Les régimes micro-entreprise et portage salarial
Le statut de micro-entrepreneur facilite ce cumul avec des démarches administratives simplifiées. Le portage salarial offre une alternative intéressante pour les prestations intellectuelles, en conservant les avantages du salariat.
Ces deux options vous permettent d’expérimenter votre nouvelle activité tout en gardant la sécurité de votre CDI.

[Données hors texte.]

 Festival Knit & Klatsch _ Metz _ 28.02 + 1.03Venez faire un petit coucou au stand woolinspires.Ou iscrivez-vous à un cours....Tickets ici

Financer votre reconversion : les solutions disponibles
Les dispositifs publics
Au-delà du CPF, plusieurs aides publiques soutiennent votre transition professionnelle :
- Pôle emploi : si vous obtenez une rupture conventionnelle, l’AIDE (Aide Individuelle à la Formation) peut compléter vos droits CPF
- Régions : chaque région propose ses propres dispositifs de formation pour les métiers en tension
- OPCO : ces organismes sectoriels financent parfois des formations dans le cadre des plans de développement des compétences
L’épargne personnelle : un complément nécessaire
Nous recommandons de constituer une épargne représentant 6 à 12 mois de charges courantes avant d’entamer une reconversion. Cette réserve vous donne la liberté de saisir les bonnes opportunités sans contrainte financière immédiate.
Cette épargne s’avère particulièrement utile si vous envisagez de réduire temporairement votre temps de travail ou de prendre un congé sans solde pour vous former.

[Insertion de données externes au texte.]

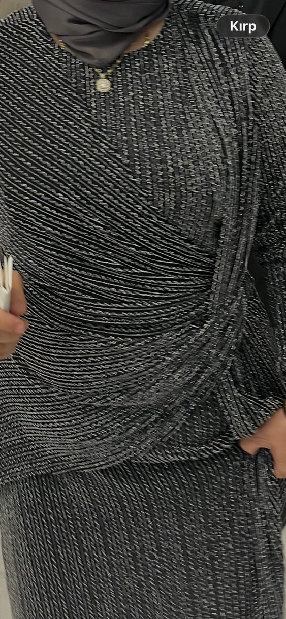 Gri renkli, pilili desenli, uzun kollu kadın abiye elbise Beş bine aldım samsun imaj mağazadan bir defa giydim 42 bedenim ama bu 44 beden Esnek ve simli likralı gibi çok şık tasarım Kaçırmayın özel günlerin en sade şıkı siz olun

Gérer la transition avec votre employeur actuel
Communication et transparence
L’art de la reconversion professionnelle en CDI réside souvent dans la gestion de la relation avec votre employeur. Nous préconisons une approche progressive et transparente :
- Phase d’exploration : gardez votre projet pour vous le temps de le structurer
- Phase de maturation : évoquez vos réflexions avec votre manager de façon générale
- Phase de concrétisation : présentez votre projet abouti en mettant l’accent sur les bénéfices mutuels
Négocier un aménagement de poste
Certains employeurs acceptent de modifier vos missions actuelles pour vous rapprocher de votre objectif professionnel. Cette évolution interne peut constituer une étape intermédiaire vers votre reconversion complète.

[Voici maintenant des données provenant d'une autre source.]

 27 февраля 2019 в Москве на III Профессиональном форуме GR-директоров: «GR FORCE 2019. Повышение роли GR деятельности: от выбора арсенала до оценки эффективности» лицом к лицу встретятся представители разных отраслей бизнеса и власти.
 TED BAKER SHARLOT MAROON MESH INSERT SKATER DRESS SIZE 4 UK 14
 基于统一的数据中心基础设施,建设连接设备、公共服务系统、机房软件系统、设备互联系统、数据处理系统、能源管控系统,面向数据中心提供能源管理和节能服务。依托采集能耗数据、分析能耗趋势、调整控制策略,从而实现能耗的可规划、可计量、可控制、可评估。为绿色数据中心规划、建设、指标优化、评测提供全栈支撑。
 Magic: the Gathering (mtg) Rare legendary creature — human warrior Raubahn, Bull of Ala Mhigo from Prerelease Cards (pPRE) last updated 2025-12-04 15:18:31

Un comptable souhaitant s’orienter vers le contrôle de gestion peut ainsi négocier une prise de responsabilités dans l’analyse financière, facilitant sa transition future.
Les pièges à éviter absolument
Brûler les ponts trop rapidement
Votre réseau professionnel actuel représente un atout précieux pour votre reconversion. Maintenir de bonnes relations avec vos collègues et hiérarchie peut vous ouvrir des portes insoupçonnées dans votre nouveau secteur.
Sous-estimer la durée de la transition
Une reconversion réussie nécessite généralement 12 à 24 mois de préparation. Nous observons que les projets menés dans la précipitation aboutissent rarement aux résultats espérés.
Négliger l’aspect financier
Au-delà du financement de votre formation, anticipez l’impact sur vos revenus futurs. Votre nouveau métier offrira-t-il immédiatement le même niveau de rémunération ? Cette question conditionne la faisabilité de votre projet.
Construire votre stratégie personnalisée
Chaque situation étant unique, nous vous recommandons d’adapter ces conseils à votre contexte personnel et professionnel. L’âge, la situation familiale, le secteur d’activité et vos contraintes géographiques influencent significativement votre stratégie de reconversion.
N’hésitez pas à vous faire accompagner par un professionnel du conseil en évolution professionnelle. Cette expertise externe vous fait gagner du temps et vous évite les erreurs coûteuses.
Votre CDI, loin d’être un frein, constitue le socle stable sur lequel construire sereinement votre nouveau projet professionnel. La clé du succès réside dans la préparation minutieuse et la patience nécessaire pour mener cette transition dans les meilleures conditions.